Required work: What you write must be the listing below in full, word for word, minus its pictures.

Dataset extract:
+ + + +

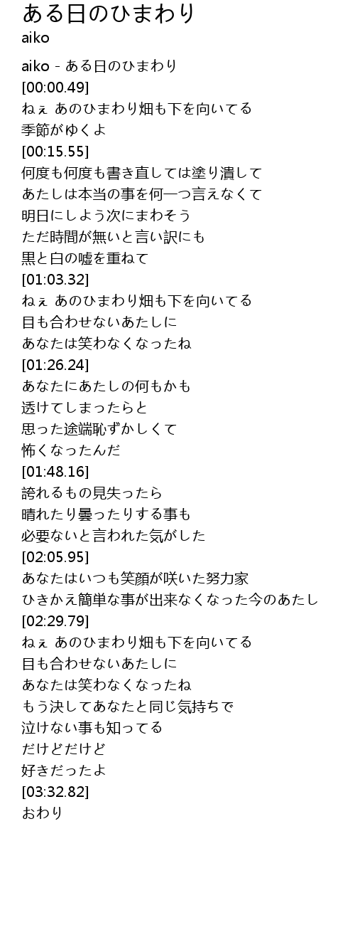 | [00:00.00] | aiko - ある日のひまわり |
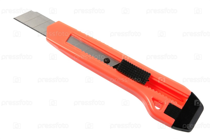 Оранжевый нож для бумаги на белом фоне
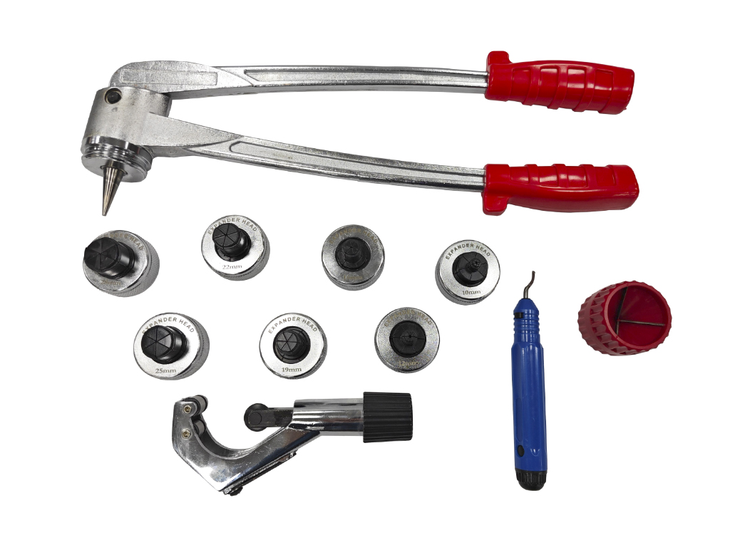 Ручной экспандер с набором расширительных головок VOLL для медных труб D 8/10 – 28 мм применяется для монтажа труб

+ + + +

Result:
 | [00:00.00] | aiko - ある日のひまわり |
 Оранжевый нож для бумаги на белом фоне
 Ручной экспандер с набором расширительных головок VOLL для медных труб D 8/10 – 28 мм применяется для монтажа труб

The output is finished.